Let $X=\left \{ (w,x,y,z) \in \mathbb{R}^{4} | w^2+z^2=1 \wedge x^2+y^2=1 \wedge wy-xz=0 \right \}$. Prove that $X$ is compact.
My attempt
As we are in $\mathbb{R}^{m}$, it's enough to prove that $X$ is bounded and closed.
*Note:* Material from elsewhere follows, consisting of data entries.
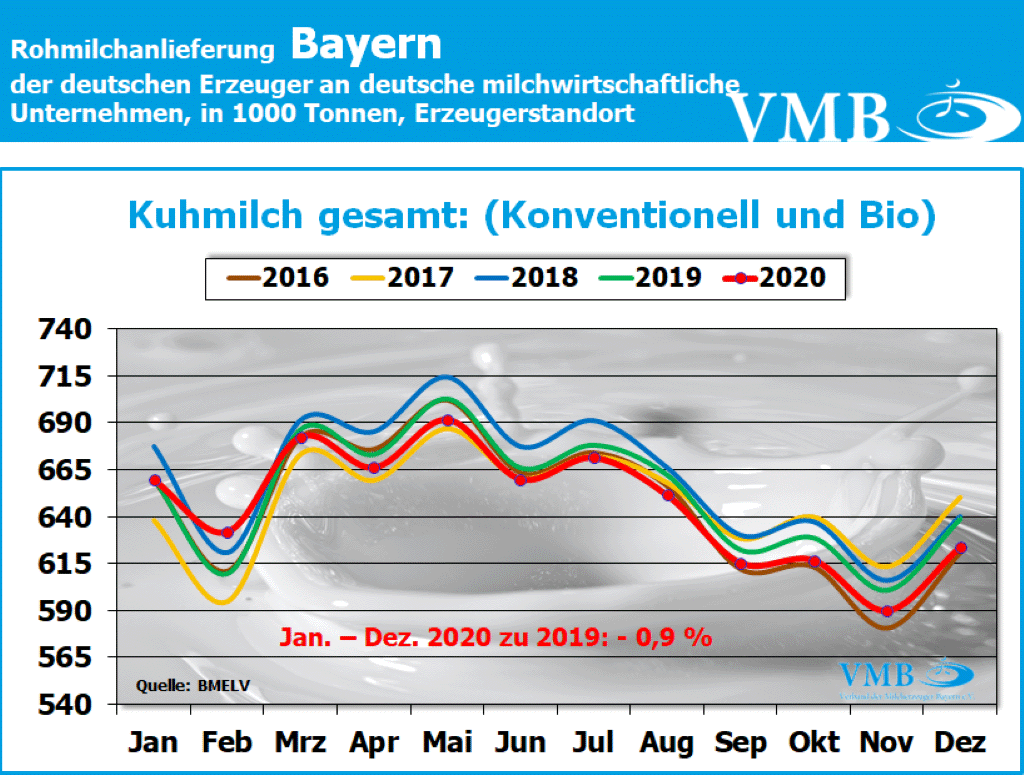 Die Bekanntmachung der Bundesanstalt für Landwirtschaft und Ernährung (BLE) über die deutschen Milchanlieferungszahlen für den Monat Dezember 2020 zeigt, dass wiederum ein Rückgang gegenüber dem Vorjahresmonat ermittelt worden ist. Die Gesamtmilcherzeugung (konventionelle und ökologisch/biologische Milch) liegt nun auf einer Höhe von 2,603 Milliarden Kilogramm Milch. Somit wurden gegenüber dem Dezember 2019 knapp 30 Millionen Kilogramm Milch weniger angeliefert. Dies bedeutet ein Minus von 1,1 Prozent.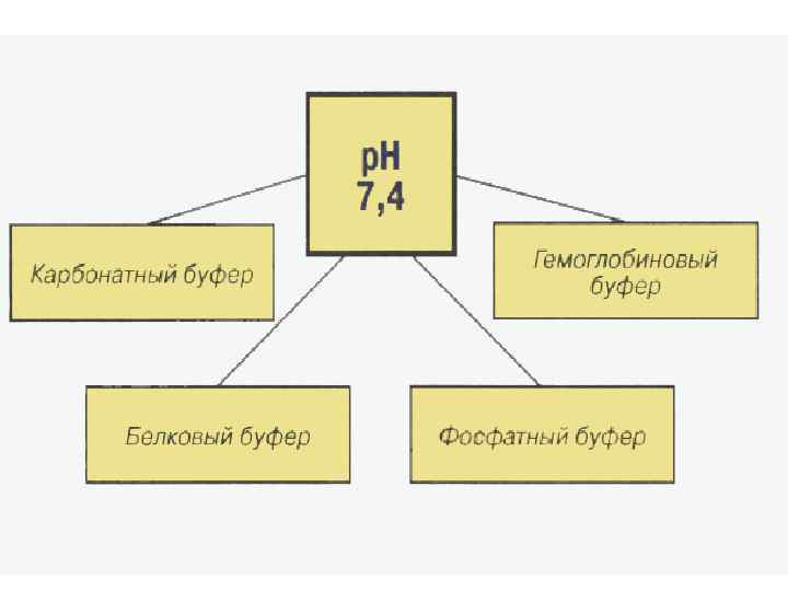 Регуляция постоянства р. Н крови: Гемические механизмы: деятельность гемоглобинового, бикарбонатного, белкового, фосфатного буферов плазмы и эритроцитов (общая буферная мощность 48 ммоль/л крови); Висцеральные механизмы (основные): - выведение через легкие около 17 000 моль СО 2 (потенциального донора Н+) в сутки; - через почки примерно 70 ммоль Н+ в сутки (эквивалентно суточной продукции «нелетучих» кислот - серной, фосфорной и др. ).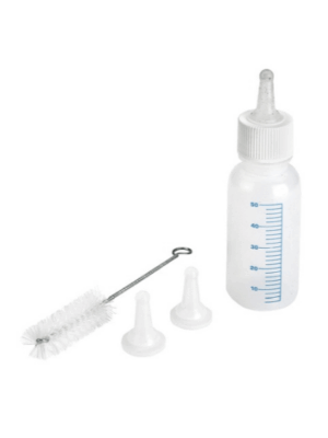 Биберон Kerbl Nursing Kit, се използва при захранване на малкото коте или куче, което по някаква причина не може да суче директно от майката. Шишето е с вместимост от 50 мл, от мека пластмаса и е снабдено със скала през 5 мл за по-добро измерване. Бибероните са 3 броя от силикон. Комплекта включва и четчица за по-лесно измиване.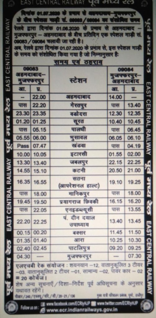 09083 / 09084 अहमदाबाद मुजफ्फरपुर अहमदाबाद डेली स्पेशल एक्सप्रेस दिनांक 1 जून से शुरू हो गयी है। इस गाड़ी का मार्ग अहमदाबाद, वडोदरा, सूरत, भुसावल, इटारसी, जबलपुर, कटनी, प्रयागराज छिवक़ी, पण्डित दीनदयाल उपाध्याय जं, बक्सर, आरा, पाटलिपुत्र, मुजफ्फरपुर इस तरह है।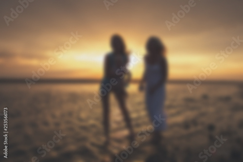 Blurred - young female homosexual lesbian family at sunset on the lake.
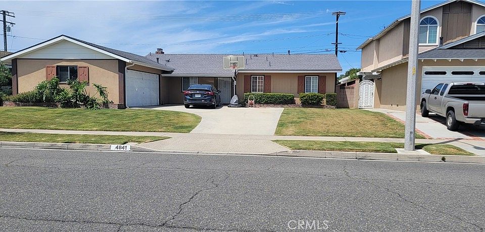 Welcome to 4841 Cartlen Drive, a beautifully maintained 3-bedroom, 2-bathroom home nestled on a peaceful street in Placentia. This 1,420 sq. ft. residence sits on a spacious 7,240 sq. ft. lot and offers a perfect blend of comfort, updates, and charm. Step inside to find tile flooring throughout, with new plush carpeting in two bedrooms for added warmth. The remodeled kitchen features classic maple cabinets, a newer dishwasher, and plenty of storage, making it a wonderful space for home cooking. Fresh interior paint enhances the bright and inviting atmosphere. Relax in the cozy family room, complete with a wood-burning fireplace, perfect for gatherings or quiet evenings. Upgraded dual-pane windows provide energy efficiency and natural light throughout the home, while the newer central heating & A/C ensure year-round comfort. Outside, enjoy a covered patio overlooking the backyard—a great space for entertaining or unwinding. The property backs to an elementary school yard, offering privacy with no direct rear neighbors.

From the first two equations, we have tht $w,x,y,z \leq 1$. But I'm not sure how to prove that is closed, I mean, is it enough to say that all the conditions are equalitys?
On
To prove that it is indeed close, consider the functions $f,g,h : \mathbb{R}^4 \rightarrow \mathbb{R}$ given by $f(x,y,z,w) = x^2+y^2$, $g(x,y,z,w)=w^2+z^2$ and $h(x,y,z,w)=wy-xz$. Then $X = f^{-1}(1)\cap g^{-1}(1)\cap h^{-1}(0)$. Since $\{1\}$ and $\{0\}$ are closed in $\mathbb{R}$ and the three funcions are continuous, $X$ is the finite intersection of closed subsets hence it is closed.
Note that $f(x,y,z,w)=w^2+z^2$ ;$g(x,y,z,w)=x^2+y^2;h(x,y,z,w)=wy-zx$ are continuous functions and hence $f^{-1}\{1\},g^{-1}\{1\},h^{-1}\{0\}$ are closed sets.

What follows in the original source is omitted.